### AVAILABLE DATA:
[Start of Attachment]

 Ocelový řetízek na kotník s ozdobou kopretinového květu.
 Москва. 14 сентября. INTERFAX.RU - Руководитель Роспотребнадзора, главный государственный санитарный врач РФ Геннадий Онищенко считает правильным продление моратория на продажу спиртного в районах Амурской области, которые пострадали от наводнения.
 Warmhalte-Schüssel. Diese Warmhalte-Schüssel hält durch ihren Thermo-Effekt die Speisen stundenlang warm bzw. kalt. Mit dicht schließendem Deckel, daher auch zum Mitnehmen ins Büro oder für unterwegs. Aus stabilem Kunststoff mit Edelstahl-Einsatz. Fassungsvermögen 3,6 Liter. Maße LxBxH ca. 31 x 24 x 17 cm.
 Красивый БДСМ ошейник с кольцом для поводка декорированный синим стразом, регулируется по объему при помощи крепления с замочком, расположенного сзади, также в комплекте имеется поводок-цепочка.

[End of Attachment]
[Start of Attachment]

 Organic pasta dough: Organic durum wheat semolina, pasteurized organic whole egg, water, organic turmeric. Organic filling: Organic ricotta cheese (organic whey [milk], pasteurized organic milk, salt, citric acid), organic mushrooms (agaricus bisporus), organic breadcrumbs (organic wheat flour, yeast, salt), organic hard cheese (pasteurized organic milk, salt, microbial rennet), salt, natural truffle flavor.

[End of Attachment]

### TRY IT:
Give back exactly the lines above, from the line containing "Ocelový řetízek na" through the line containing "Москва. 14 сентября.", with both end lines and nothing more.

### TASK RESULT:
 Ocelový řetízek na kotník s ozdobou kopretinového květu.
 Москва. 14 сентября. INTERFAX.RU - Руководитель Роспотребнадзора, главный государственный санитарный врач РФ Геннадий Онищенко считает правильным продление моратория на продажу спиртного в районах Амурской области, которые пострадали от наводнения.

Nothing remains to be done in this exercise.